Der Hypophysentumor

Die Hypophyse oder auch Hirnanhangdrüse ist  eine Hormondrüse. Sie ist etwa erbsengroß und befindet sich auf einer gedachten Linie, die von der Nase aus
schräg nach oben ins Schädelinnere führt.

Die Hypophyse regelt eine Menge Hormonkreisläufe im Körper. Sie ist z. B. verantwortlich für Wachstum, Stresshormone, Schilddrüsenhormone und
Geschlechtshormone.
Hypophysenadenome, also Geschwulste der Hypophyse kommen gar nicht einmal so selten vor. Wenn sie sehr klein bleiben und nicht hormon-aktiv sind, stören sie gar nicht weiter.

Mein Tumor war schon ziemlich groß, als er entdeckt wurde, 2 cm – ein richtiger „Oschi“, wie meine Ärztin sagte.
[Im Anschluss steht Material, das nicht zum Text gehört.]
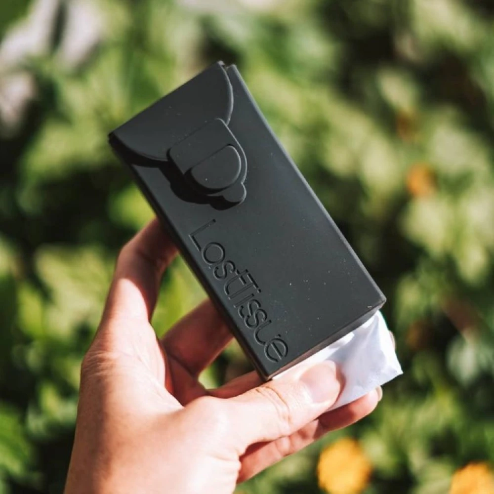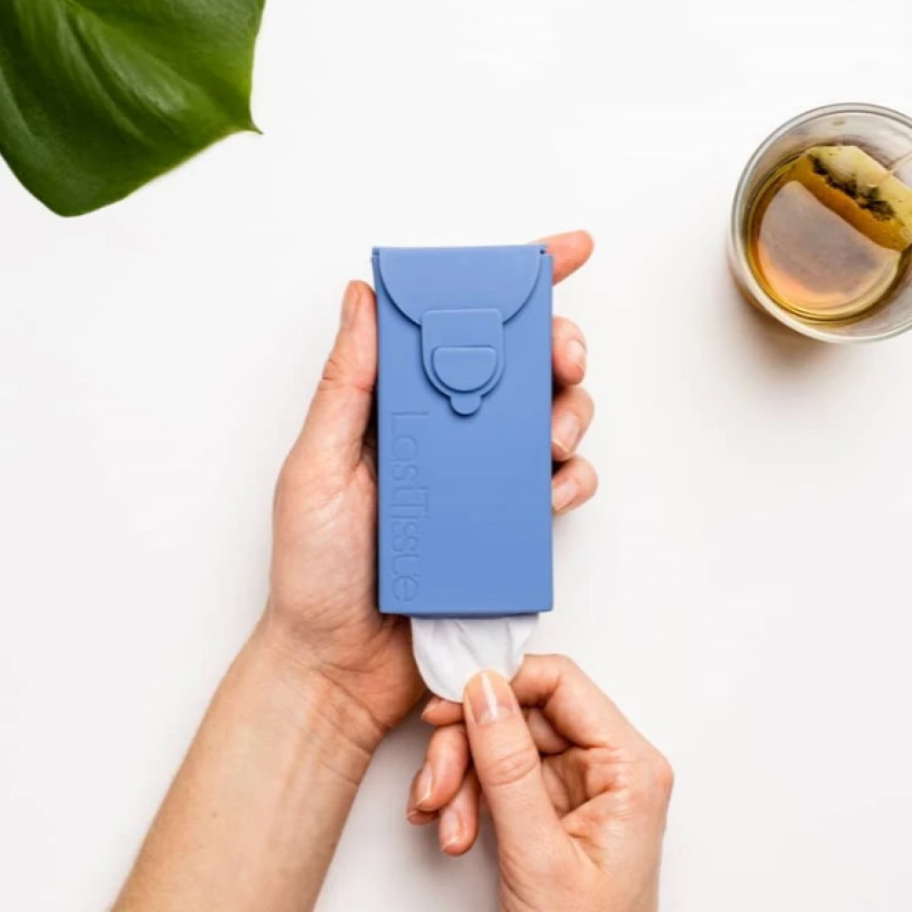 The practical and hygienic case is made of food-grade silicone and is as small as a regular disposable package. The case holds 6 handkerchiefs, easily fits in your pocket and is practical to always carry with you in case of allergies, cold days and nasal congestion.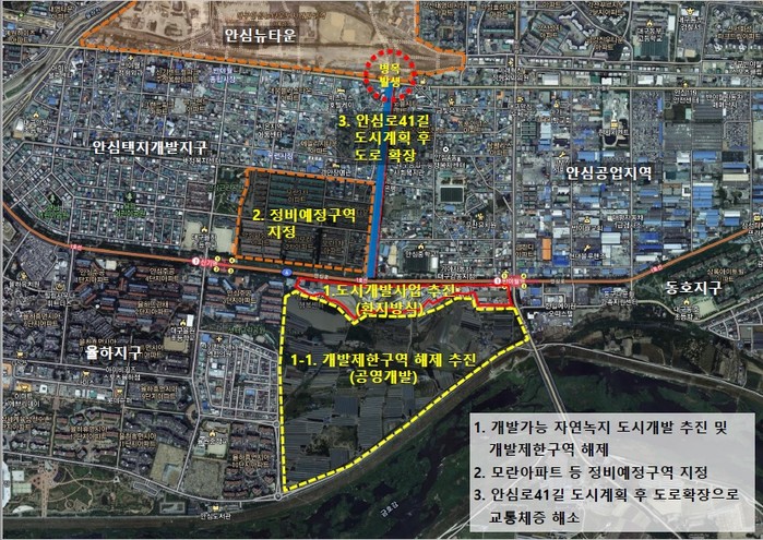 - 안심지역 도시철도 경유지 일원 자연녹지, 개발제한구역 공영개발 및 노후 시가지 정비사업 등 미니 신도시 조성 제안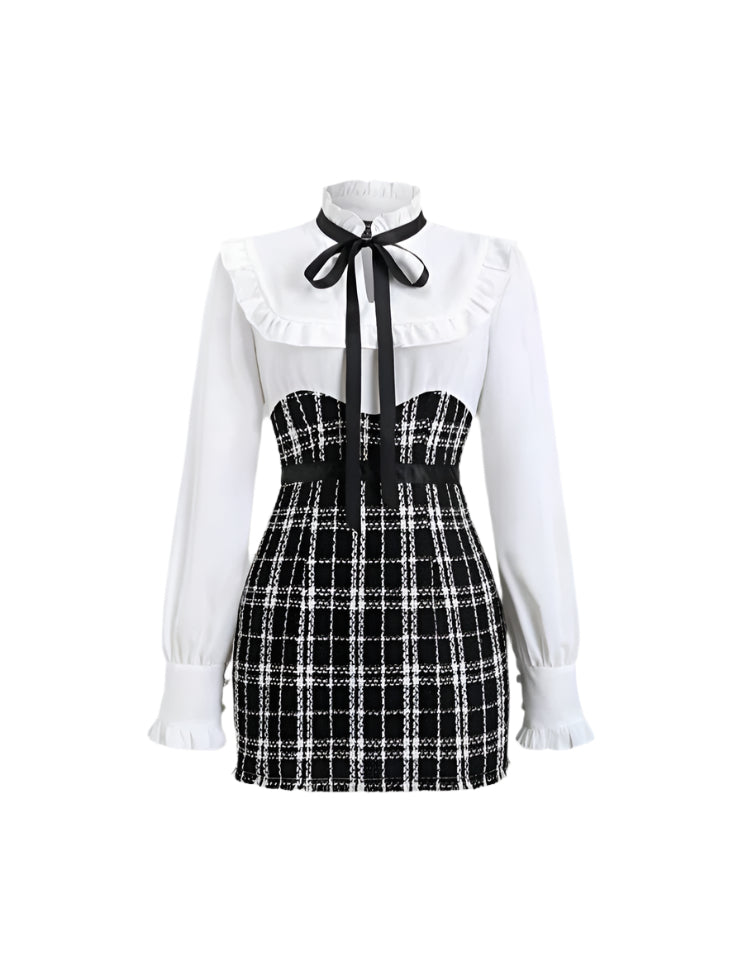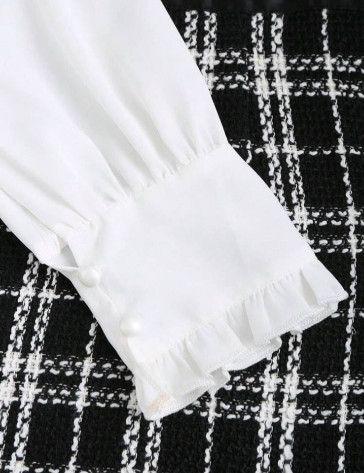 Címke nélküli, különleges fekete-fehér ruha fodros gallérral és masnis díszítéssel. Az elegáns kontrasztos design és a tweed hatású szoknyarész egyedi megjelenést biztosít. Ideális választás alkalmi eseményekre vagy különleges napokra.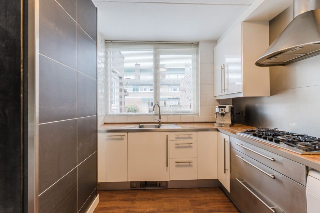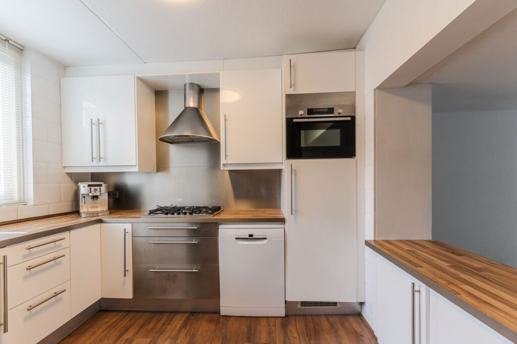 De open keuken ligt aan de voorzijde van de woning en is uitgerust met een 5 pits gasfornuis, afzuigkap, combimagnetron, vaatwasser en koelkast.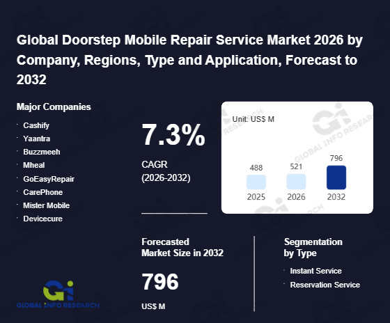 Global Info Research has recently published "Global Doorstep Mobile Repair Service Market 2026 by Manufacturers, Regions, Type and Application, Forecast to 2032". This report systematically analyzes the global Doorstep Mobile Repair Service market, providing multi-dimensional insights through type (Instant Service、 Reservation Service), application (Battery Repair and Replacement、 Screen Repair and Replacement、 Camera Repair and Replacement、 Others), regional markets, and major manufacturers (Cashify、 Yaantra、 Buzzmeeh、 Mheal、 GoEasyRepair、 CarePhone、 Mister Mobile、 Devicecure、 Gadset、 Spazeme、 Fixerman、 MobiPoint、 Fix Screen Repair、 TutaScreen、 Jikexiu、 Suddenfix), assessing the market status, trend evolution, and competitive landscape impact from 2021 to 2032.
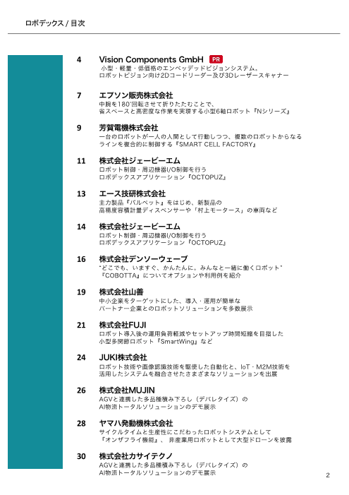 Vision Components GmbH、 エプソン販売株式会社、 芳賀電機株式会社、 株式会社ジェービーエム、 株式会社デンソーウェーブ、 株式会社山善、 株式会社FUJI、 JUKI株式会社、 株式会社MUJIN、 ヤマハ発動機株式会社、 株式会社カサイテクノ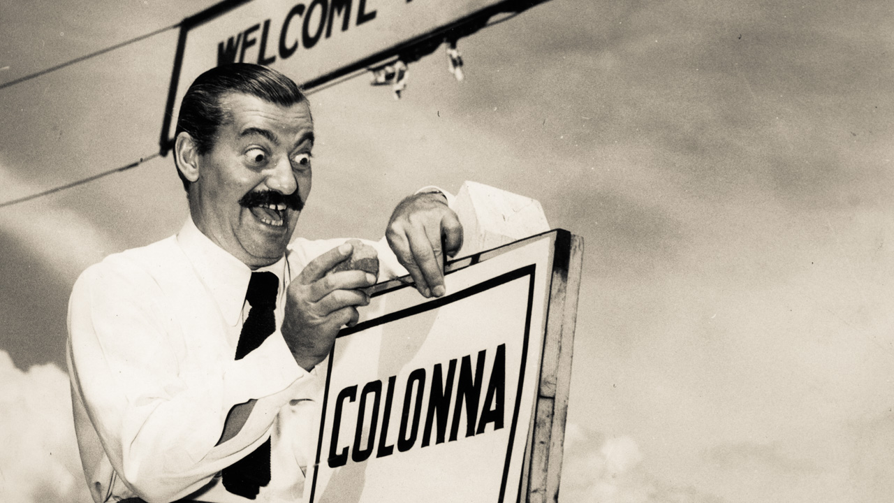 Comedian Jerry Colonna pushes the boundaries. He was performing at the annual Penticton BC regatta. Civic rival Kelowna BC is 39 miles to the north, so the wise guy took matters into his own hands.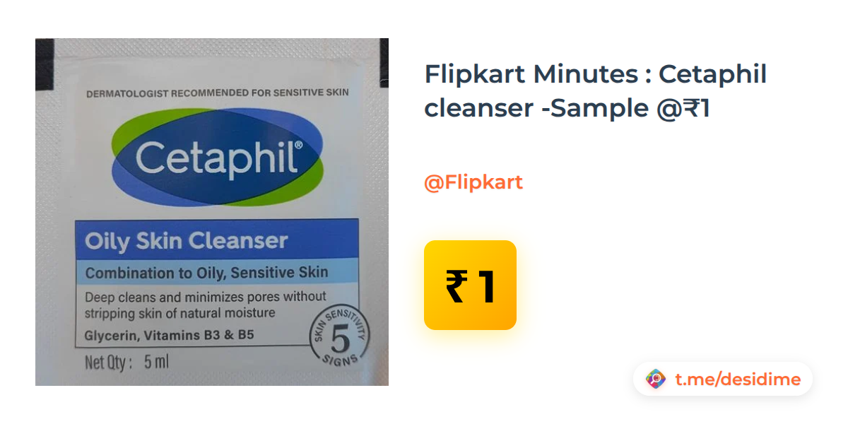 Flipkart Minutes : Cetaphil cleanser -Sample @₹1 - Rs. 1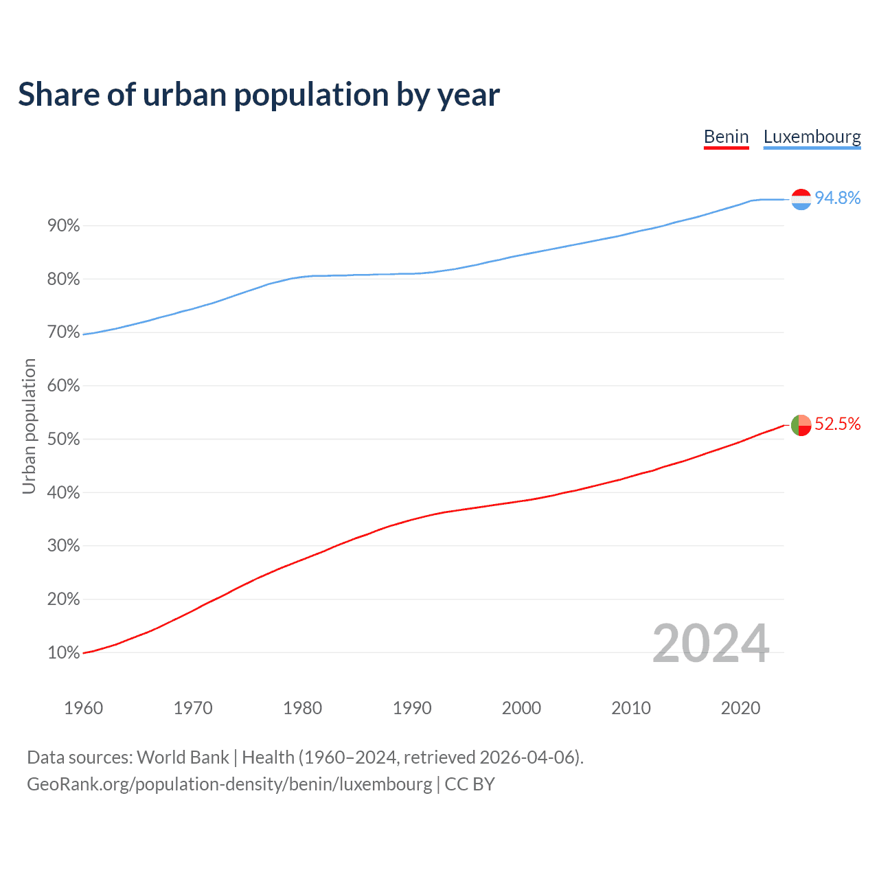 From 2004 to 2024, the share of urban population changed from 39.9% to 52.5% in Benin and from 86% to 94.8% in Luxembourg.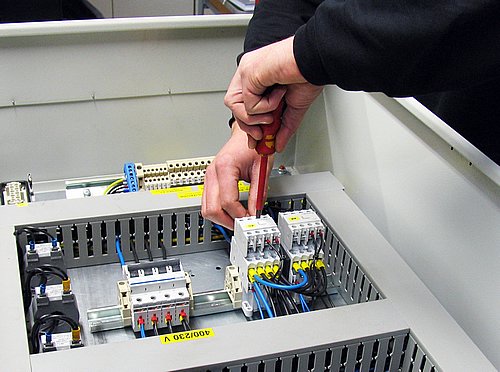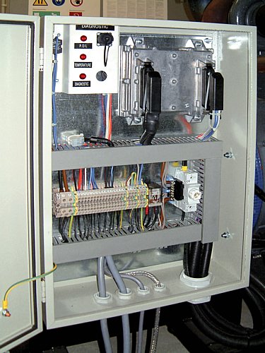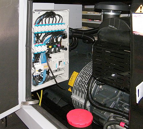 Abgestimmt auf die Notstromanlage des Kunden wird entsprechend die Elektronik in den Schaltschränken von uns aufgebaut. Vorgefertigt und vormontiert zum großen Teil in unserer hauseigenen Werkstatt, kommen der Schaltschrank und andere elektronische Bauteile vor Ort zum Einbau bzw. zum Anbau am Notstromaggregat.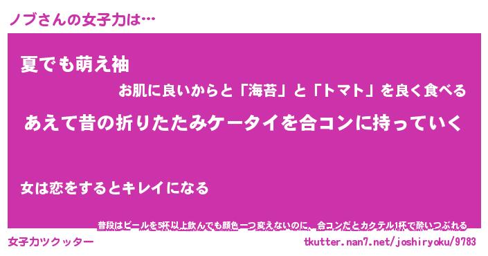 | ヘコむあだ名 | 『ノブもー』『なまこ酢』『ノブお』 |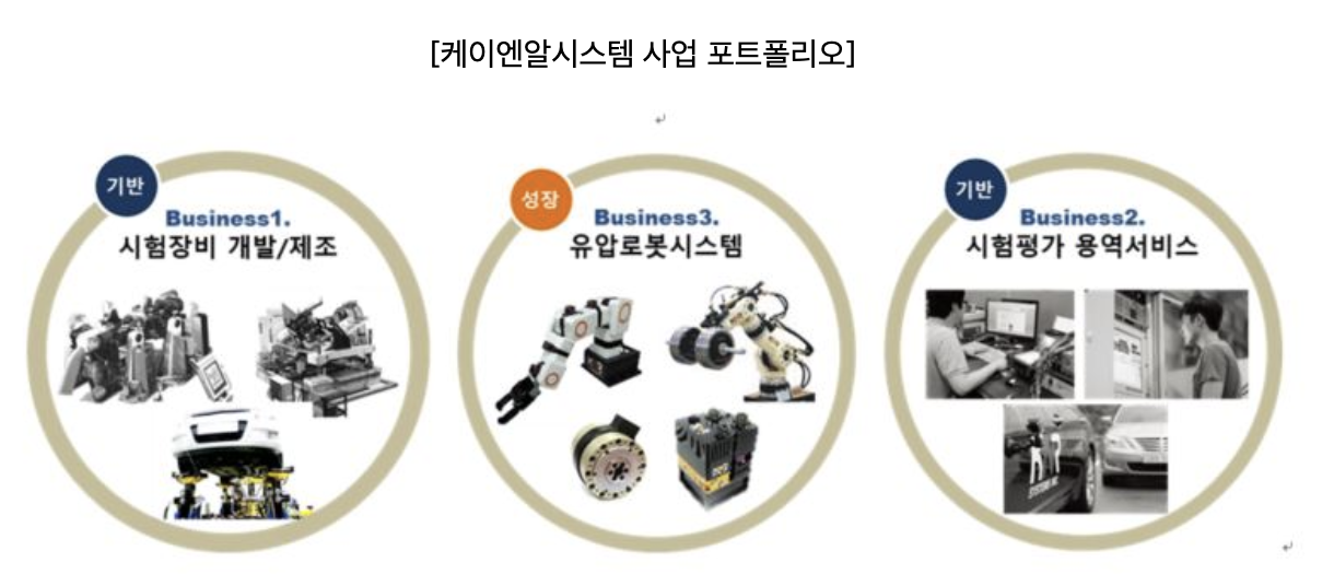 케이엔알시스템은 로봇 뿐만 아니라 자동차, 철도, 토목, 에너지 등 다방면의 산업에 사용되는 시험장비 사업도 영위하고 있습니다. 특히 유압 시스템 구축 분야에선 국내 유일하게 글로벌 시장에서 기술력을 인정받고 있습니다.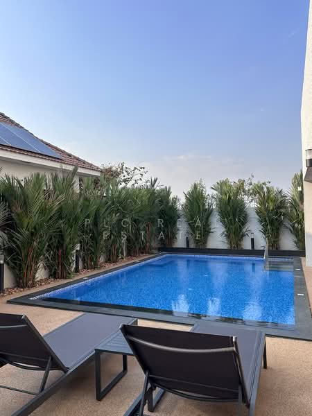 The villa sits on 137 sq.wah of land and offers 550 sq.m of usable space across a thoughtfully designed layout. In addition, the home features 5 bedrooms and 6 bathrooms, including bathtubs and a jacuzzi for enhanced relaxation. Furthermore, the property includes a dedicated home office, a private sauna, and a spacious second-floor balcony. The European kitchen supports modern living, while the solar energy system improves efficiency and sustainability. Consequently, this residence combines luxury features with practical functionality.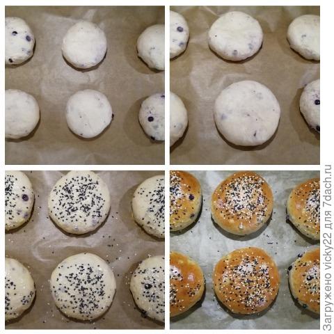 Подошедшее тесто делим на одинаковые заготовки, выкладываем на противень и немного придавливаем. Оставляем на 10-15 минут.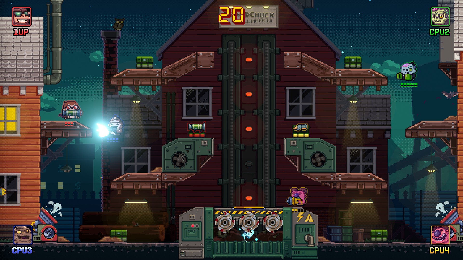 Whilst its hand-crafted levels feature some unique elements like a central lift with saws on it, a train that flattens anyone caught at the bottom, portals, powerups, etc, they still feel like small flirtations with variation. Weapons too threaten to be interesting with walking bombs reminiscent of the Worms series and driller-heads that can travel straight through any wall/platform, but it leaves the creativity there. Kills are almost too easy and fast and arenas too simple and open to allow any room for fine-strategy or the environmental variation to mean much.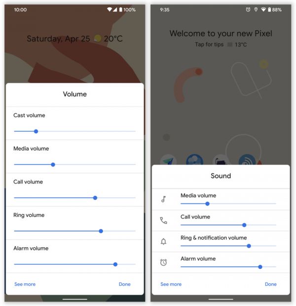 左:Android 10 正式版。右:Android 11 DP3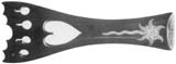 The fittings that adorn the ‘Messie’ today (see line drawings) are conceived around the nativity. The story surrounding the ‘Messie’ is too well known to be repeated here, save that Vuillaume must have been guided by its history when designing this particular tailpiece. The association is apt and cannot be put down to coincidence. The fittings are of a light hue with an ebony string saddle, whereas the ‘Chanot’ version is a deep chestnut with a box saddle. The peg designs are identical. The mounts of the Alard Stradivarius (this may be seen in the Hill Antonio Stradivari) are similar to the ‘Chanot’ except that the animals are missing. Altogether there are at least five designed variations with matching pegs. It appears that J.B.V. fitted Napoleonic mounts only to the cream of the Cremonese school and to a few of the masterly creations (typical examples of two such violins, Nos. 2541 and 2556, dated 1864, may be seen in the Musee d’Art, Geneva), from his own workshop although I have yet to find a del Gesu so equipped. On the ‘La Pucelle’ Stradivari, 1709, J.B.V. struck a more patriotic note using Joan of Arc as the subject. The ‘Lady Blunt’ Stradivarius, 1721, has mounts made and fitted by W. E. Hill & Sons in 1922. Surprisingly, Paganini appears not to have been portrayed, confined, as he is to darker regions, peeping from the inside of bow frogs. At least eight more sets, either with full or part decoration, may be seen in Goodkind’s Iconography but whether these all originate from Vuillaume it is difficult to say. Violas and cellos seem to have escaped attention completely. Napoleonic fittings in boxwood must never be confused with the numerous ebony tails that were manufactured to satisfy Victorian taste. The fact that violin fittings can be so easily changed gives this part of the survey an ephemeral quality, which is unavoidable. When did the modern tail with its now conventional gut fitting come into being? The ebony tail by Betts (below) gives us a clue. On this tail the gut is threaded through two steel staples driven into the underside and made secure by either clinching or riveting. This operation is screened by the inlaid silver starfish, its tail ascending to an elegant and probably original design to receive the strings: no gut is visible from the front and this tail carries no string saddle. That the Betts family were in business until c.1840 indicates that the transition to the present tail format was well under way by the middle of the 19th century. Therefore, it seems natural that Vuillaume’s inventive mind seized the opportunity and reinstates in a ‘modern’ way the old decorated tails of the Baroque period with their marginal stringing etc. If Vuillaume were creator of the modern tail we can be sure that it would have been recorded along with all his other inventions. Certainly, machine tools played a vital role in its production. Milling out the underside to take the tail gut lends itself to this method and would be a laborious task otherwise.

Und er bringt die Hypophyse dazu, TSH zu produzieren, ein Hormon, das wiederum die Schilddrüse stimuliert. Ich war also schon ziemlich viele Jahre mit einer Schilddrüsenüberfunktion herumgelaufen. Wenn man das gewöhnt ist, fällt es nicht großartig auf. Ich dachte, Herzrasen,
Nervosität und Schlaflosigkeit gehören zum Leben dazu.

Erst als ich praktisch ständig Migräne hatte und nicht mal mehr ein Stockwerk raufsteigen konnte, ohne zu schnaufen, kam mir der Gedanke, dass vielleicht irgendetwas mit mir nicht stimmen könnte.

Um anderen Patienten, die vielleicht gerade erst ihre Diagnose erhalten haben und sich verständlicherweise etwas fürchten, Informationen zu liefern und ein wenig Mut zu machen, schreibe ich hier über die Entdeckung und den Verlauf der Behandlung meines Tumors.